ELISA Kits for Amyloid Synthesis Pathways (2X96T)

Background on Protein Targets of the Amyloid ELISA Kits

Amyloid-Beta:  Amyloid-Beta (Aβ) is generated by sequential cleavage by alpha, beta and gamma secretases of the amyloid precursor protein (APP), a transmembrane protein of unknown function.  Inhibition of secretase activity has been proposed as a therapeutic strategy to limit amyloid-Beta (Aβ) accumulation. The γ secretase, which produces the C-terminal end of the Aβ peptide, cleaves within the transmembrane region of APP and generates amyloid-Beta (Aβ) isoforms of 36-43 amino acid residues in length. The most common isoforms of amyloid-Beta are Aβ₄₀ and Aβ₄₂;  the shorter amyloid-Beta isoform is typically produced by cleavage in the endoplasmic reticulum, while the longer isoform is processed by cleavage in the trans-Golgi network.  Aβ₄₀ is the most common amyloid-Beta (Aβ) isoform, but Aβ₄₂ is the more fibrillogenic and is thus is the predominant form associated Alzheimer’s disease.  Antibodies employed in this Amyloid-Beta ELISA kit are selective for the Aβ₄₂ isoform of amyloid-beta, with insignificant cross-reactivity with the Aβ₄₀ isoform.

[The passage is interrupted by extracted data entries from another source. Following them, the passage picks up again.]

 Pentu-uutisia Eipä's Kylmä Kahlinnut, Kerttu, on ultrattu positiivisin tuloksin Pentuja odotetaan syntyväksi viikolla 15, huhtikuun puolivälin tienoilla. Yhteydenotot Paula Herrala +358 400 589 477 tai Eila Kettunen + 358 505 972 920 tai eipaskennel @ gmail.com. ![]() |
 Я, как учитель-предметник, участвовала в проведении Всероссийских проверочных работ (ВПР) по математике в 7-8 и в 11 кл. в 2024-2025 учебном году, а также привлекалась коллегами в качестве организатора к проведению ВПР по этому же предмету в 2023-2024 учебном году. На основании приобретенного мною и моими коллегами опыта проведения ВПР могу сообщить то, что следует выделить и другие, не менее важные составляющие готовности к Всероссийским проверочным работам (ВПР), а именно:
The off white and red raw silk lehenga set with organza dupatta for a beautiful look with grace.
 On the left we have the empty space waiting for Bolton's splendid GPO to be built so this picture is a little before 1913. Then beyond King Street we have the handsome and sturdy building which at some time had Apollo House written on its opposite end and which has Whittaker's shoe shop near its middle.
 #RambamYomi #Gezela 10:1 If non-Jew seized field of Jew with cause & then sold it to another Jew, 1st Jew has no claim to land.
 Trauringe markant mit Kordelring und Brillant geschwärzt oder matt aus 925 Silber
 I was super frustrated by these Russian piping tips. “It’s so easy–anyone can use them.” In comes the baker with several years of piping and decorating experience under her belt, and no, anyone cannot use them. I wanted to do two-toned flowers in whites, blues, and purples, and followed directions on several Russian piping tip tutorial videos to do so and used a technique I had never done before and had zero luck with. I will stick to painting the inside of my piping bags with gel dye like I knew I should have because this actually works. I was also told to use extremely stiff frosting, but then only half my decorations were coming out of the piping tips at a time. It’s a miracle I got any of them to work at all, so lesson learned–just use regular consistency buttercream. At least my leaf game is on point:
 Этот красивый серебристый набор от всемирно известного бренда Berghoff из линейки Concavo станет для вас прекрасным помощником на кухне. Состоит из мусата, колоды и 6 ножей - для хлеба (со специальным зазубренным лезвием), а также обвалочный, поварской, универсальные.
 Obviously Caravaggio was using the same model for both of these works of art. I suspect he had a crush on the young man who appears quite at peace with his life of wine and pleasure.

Alpha-Synuclein:   Alpha-synuclein (SNCA gene) is a 140 amino acid predominantly cytosolic protein expressed in brain and associated with fibrillar structures in Lewy Bodies associated with Parkinson’s disease.  Although primary located in the cytosol, alpha-synuclein binds to phospholipid and is associated with cellular membraneous structures.  Generation of aggregates in Lewy Bodies and/or association of alpha-synuclein with membraneous structures has been attributed to the etiology of Parkinson’s Disease.

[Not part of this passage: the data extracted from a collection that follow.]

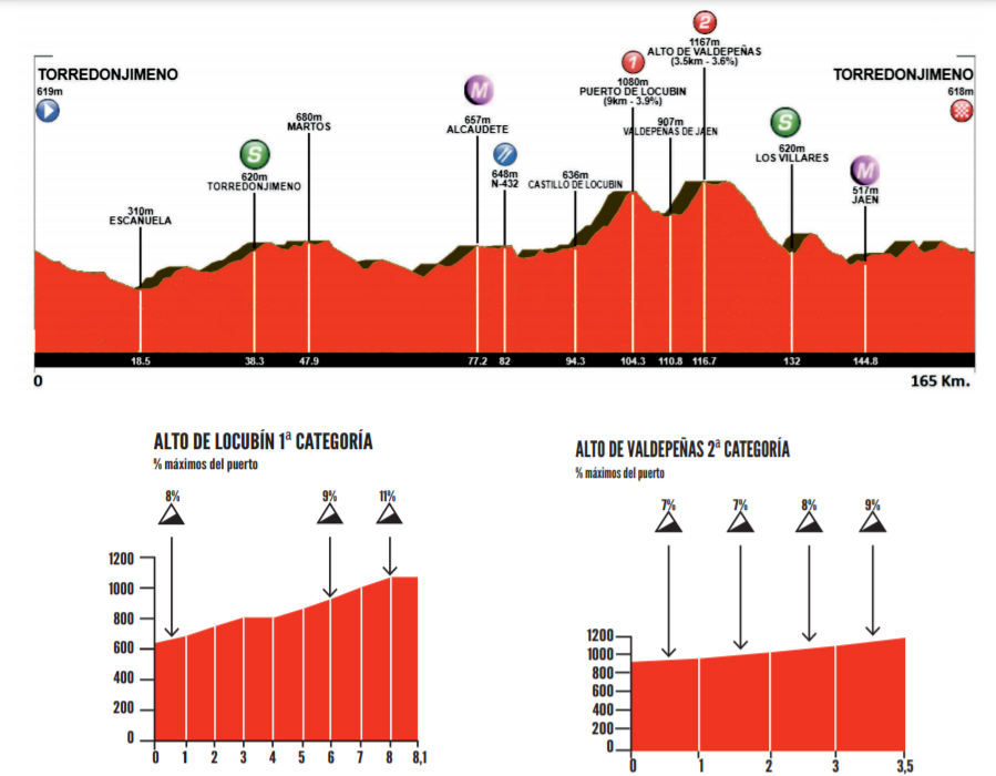 En esta edición 2021, la Clásica Ciudad de Torredonjimeno presentará un trazado muy similar al de años anteriores, con los ascensos al Alto de Locubín, de primera categoría (9 km al 3,9 %), y al Alto de Valdepeñas, de segunda categoría (3,5 km al 3,6%), como puntos claves, pues serán los encargados de efectuar la selección que posteriormente se jugará el triunfo en los 45 kilómetros de terreno favorable que restan hasta llegar a Torredonjimeno.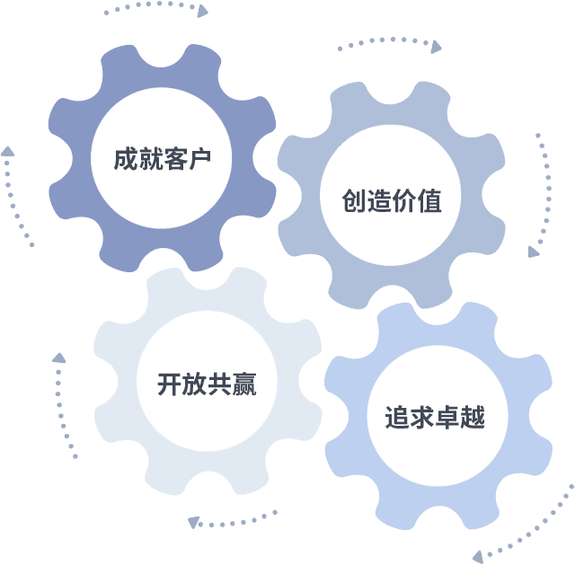 成就客户是一切决策的出发点,,,创造价值是衡量所有工作的标准,,,追求卓越是我们做事做人的态度,,开放共赢是我们的格局也是最终的结果。。。。价值观的齿轮环环相扣,,,推动着组织里的每个人不断向前。。。。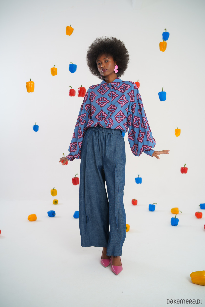 Kolor: W odcieniu granatu, który doskonale komponuje się z różnorodnymi kolorami, idealny do łączenia z jasnymi lub kontrastowymi górnymi elementami.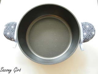 Vor nicht all zu langer Zeit habe ich mir einen schönen „Schmorgeltopf“ gekauft. So einen tollen aus Aluguß, der wie eine gute Pfanne beschichtet ist. Nur sind bei dem leider die Griffe auch aus Guß und da verbrennt man sich ja mal schnell die Fingerchen wenn man nicht daran denkt. Also habe ich mir kleine Handschuhchen für die Griffe genäht.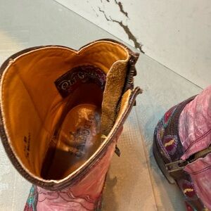 Chic pink and brown boots with floral embroidery. Unique western style. Perfect for any occasion. Great used condition.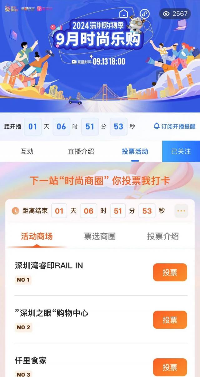 这次直播设置好了 6 一个热门商圈的投票环节,9 月 13 日 18:30 欢迎参加“你投票我打卡”互动,投票给热爱活力的商圈。直播期间,我们将根据最终票数选择前三大商业区进行实地考察。快来。 pick 您喜欢的商圈吧!

Defects in SNCA are the cause of Parkinson disease type 1 (PARK1). A complex neurodegenerative disorder characterized by bradykinesia, resting tremor, muscular rigidity and postural instability. Additional features are characteristic postural abnormalities, dysautonomia, dystonic cramps, and dementia. The pathology of Parkinson disease involves the loss of dopaminergic neurons in the substantia nigra and the presence of Lewy bodies (intraneuronal accumulations of aggregated proteins), in surviving neurons in various areas of the brain.  

E2-UBCE.  Ubiquitin Conjugating Enzyme:  Ubiquitin-conjugating enzymes, or E2 operate in the second step in the ubiquitination reaction that adds ubiquitin subunits to lysines and results in targeting a protein for degradation in the proteasome.   The polyubiquitination process covalently attaches multiple chains of ubiquitin, a 76 amino acids peptide, to lysine residue on the target protein.  Once a protein has been tagged with polyubiquitin,  it is recognized by the proteasome's 19S subunit, which triggers the ATP-dependent unfolding and targeting into the proteasome's 20S core particle, where proteolysis takes place.